What is an SLA credit, and how do you claim it?

A plain-English definition of SLA credits: what they are, when a vendor owes you one, how much you can claim, and the step-by-step process to get the money back.

If a SaaS or cloud vendor promises 99.99% uptime and then goes down for hours, that promise has a price. The price is called an SLA credit — and most of the money goes unclaimed because customers don't know it exists or miss the filing deadline.

The short answer

An SLA credit is a partial refund a vendor owes you when it fails to meet the uptime commitment in its Service Level Agreement (SLA). It is usually expressed as a percentage of what you paid that month for the affected service — for example, 10% of the monthly fee if uptime falls below the target, rising as the outage gets worse. Credits are almost never automatic: you have to measure the breach, file a claim with evidence before the vendor's deadline, and ask for the credit explicitly.

What an SLA actually promises

A Service Level Agreement is the contractual uptime commitment attached to a paid plan — often 99.9%, 99.95%, or 99.99% measured over a calendar month. Those numbers sound almost identical, but the downtime they permit is very different:

Monthly uptime targetAllowed downtime per month
99.9% ("three nines")~43 minutes
99.95%~21 minutes
99.99% ("four nines")~4 minutes

When a vendor exceeds its allowed downtime, it has breached the SLA, and the credit clause is triggered.

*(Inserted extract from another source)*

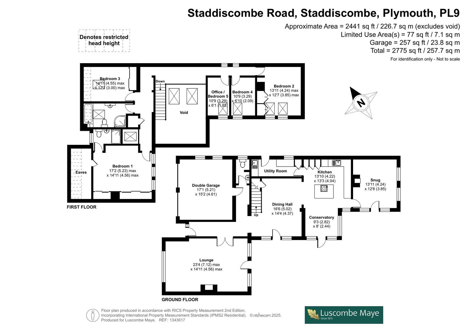 Guide Price £800,000 to £825,000Nestled within the highly desirable hamlet of Old Staddiscombe, yet situated in Plymstock with its wealth of amenities, excellent schooling, and strong transport links, this distinguished five-bedroom detached residence offers an unparalleled blend of countryside tranquillity and contemporary luxury. Completed in 1990 by an NHBC registered builder and finished to an exceptionally high standard, the property has been meticulously designed and decorated by the current owners, who have cherished it since purchasing off-plan. Unassuming from the front, this home is more than meets the eye, revealing a bright, airy, and welcoming interior flooded with natural light from an abundance of windows and skylights.The ground floor is centred around a striking galleried dining hall, which is dramatically overlooked by the second-floor gallery, creating a sense of grandeur and spaciousness. A dual-aspect lounge with feature wood burner offers a sophisticated yet inviting space for family living, while a secondary snug/sitting room, also with a log burner, provides a cosy retreat for quiet evenings or private study. The showpiece kitchen and living area is designed with both style and function in mind, featuring a central island, integrated appliances, and exquisite marble work surfaces. A glass conservatory area is incorporated into the kitchen, creating a light-filled space perfect for dining or relaxing while enjoying views of the garden and countryside. A practical utility room, cloakroom, and integral double garage further enhance the accommodation. The property is very versatile, offering flexible living arrangements across all floors to suit a variety of family needs or home working requirements. Each principal living space opens seamlessly onto the rear garden, forging a perfect connection between indoors and the surrounding countryside.Upstairs, the main bedroom is a serene retreat, complete with fitted wardrobes, a stylish en suite shower room, and breath taking views over the garden and rolling countryside beyond. Off the main bedroom is a spacious carpeted walk-in attic/storage area, providing excellent additional space. Both of the further double bedrooms benefit from fitted wardrobes, while two single bedrooms—one currently configured as a home office—add to the property’s versatility. Expansive windows and skylights throughout the first floor capture sweeping views and fill the rooms with natural light, enhancing the sense of space and tranquillity. The bathrooms are fitted with individual underfloor electric heating units, each with its own timer and temperature controls, ensuring year-round comfort in both the main bathroom and the en suite.Externally, the rear garden is a standout feature, enjoying south-west and south-east aspects which maximise sunlight throughout the day. It includes an extensive patio area and a lawn, perfect for alfresco entertaining and relaxation. Both front and rear gardens are beautifully landscaped with mature shrubs, trees, and extensive planting, creating a private and serene environment. An ample driveway provides generous off-road parking, while the rear garden borders open farmland, offering uninterrupted vistas and a stunning natural backdrop.Combining meticulous design, exceptional finish, and a premier location, this home offers a rare opportunity to enjoy a luxurious lifestyle in a peaceful, highly sought-after setting with easy access to the coast and all that Plymstock has to offer.LocationOld Staddiscombe is a charming and historic hamlet with roots dating back to the medieval period. Originally a small farming settlement, it retains much of its rural character, with a mix of traditional and contemporary homes set amidst rolling countryside. The area is steeped in history, with many buildings reflecting its agricultural past and the sense of community that has developed over centuries. Winding lanes, scenic footpaths, and open farmland provide a tranquil environment, offering residents a peaceful retreat while still being connected to the wider Plymouth area.The property benefits from its enviable position just 1 mile from Staddon Heights Golf Club and only 1 mile from the beautiful Bovisand beaches, both accessible by footpath. This unique combination of countryside charm, outdoor leisure, and coastal access ensures a lifestyle that embraces both relaxation and recreation.While enjoying the historic charm of Old Staddiscombe, the property is located within Plymstock, one of Plymouth’s most sought-after suburbs. Plymstock combines village-like appeal with practical convenience, offering a wealth of amenities including independent shops, supermarkets, cafes, and restaurants, alongside excellent schooling and healthcare. Transport links are well-established, providing easy access to the city centre, the coast, and the surrounding South West region. This combination of Old Staddiscombe’s historic tranquillity, proximity to golf and beaches, and Plymstock’s modern conveniences makes the location ideal for families, professionals, and anyone seeking a serene yet connected lifestyle.Material InformationTo ensure legal compliance, we require our sellers to complete a Property Information Questionnaire or provide a Material Information Guide, along with the title document. If available, please scan the qr code or click the link to access the additional online material information. Alternatively you can contact our team for this information.Verified Material InformationCouncil Tax band: FTenure: FreeholdProperty type: HouseProperty construction: Standard brick and block constructionEnergy Performance rating: DNumber and types of room: 5 bedrooms, 2 bathrooms, 4 receptionsElectricity supply: Mains electricitySolar Panels: NoOther electricity sources: NoWater supply: Mains water supplySewerage: Septic tankHeating: Mains gas-powered central heating is installed. The system was installed on 30 Jun 2018.Heating fea
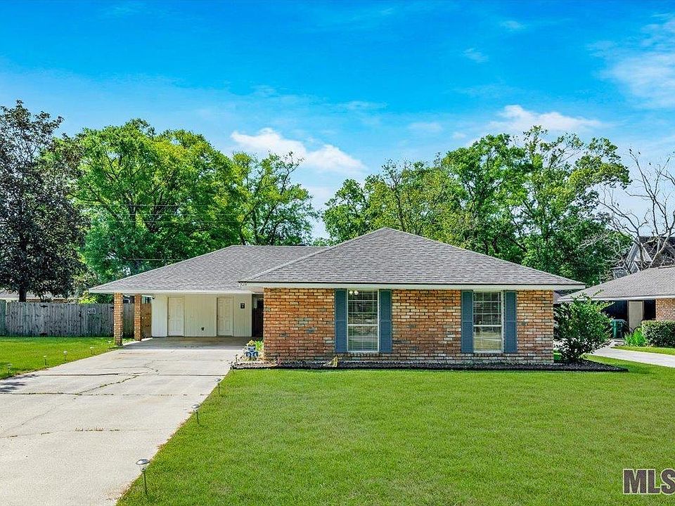 Welcome to this adorable home located in the heart of Denham Springs! As you enter, you will be greeted by an open and airy floor plan that is perfect for entertaining guests or relaxing with your family. The kitchen/dining area features ceramic tile flooring, an abundance of cabinets, granite countertops, stainless appliances, a double wall oven and an eat-at granite island, providing ample space for cooking and dining. The living room boasts a gas log fireplace with a brick surround and hearth, creating a cozy atmosphere on chilly nights. Laminate flooring and canned lighting add to the charm and ambiance of this space. The master bedroom offers new laminate flooring, crown molding, two separate closets, and an ensuite bath, providing a private retreat at the end of the day. The master bath suite features a large soaking tub/shower combo and a double granite vanity, adding a touch of luxury to your routine. The other two bedrooms are equally spacious and offer new laminate flooring and a full bath, perfect for family or guests. Home also has a new security system. Outside, this home sits on a nice wood fenced lot with low maintenance landscaping, offering privacy and serenity. An oversized covered patio is perfect for enjoying the outdoors in any weather, while a 15x20 workshop provides additional storage space or a workspace for your hobbies. This home is ideally located close to antique shops, fine dining, Bass Pro Shops, and Juban Road Crossing, providing convenient access to all the amenities Denham Springs has to offer. Don't miss out on the opportunity to make this charming home your own! Flood insurance under $800 per year!! Roof was replaced in 2020!

You can look up the exact commitment for any vendor we monitor on its SLA credit guide or check who commits to what in which SaaS vendors actually pay SLA credits.

How much is a credit worth?

Most vendors publish a tiered schedule: the further below target uptime falls, the larger the credit. A typical cloud tier table looks like this (this is AWS EC2's published structure):

Measured monthly uptimeCredit
99.0% – under 99.99%10% of spend
95.0% – under 99.0%30% of spend
below 95.0%100% of spend

A minority of vendors use a formula instead of tiers (Cloudflare's Business SLA multiplies the outage ratio by 25×), and some negotiate credits through your contract with no published tariff (Salesforce). The credit vs service credit explainer covers the wording differences.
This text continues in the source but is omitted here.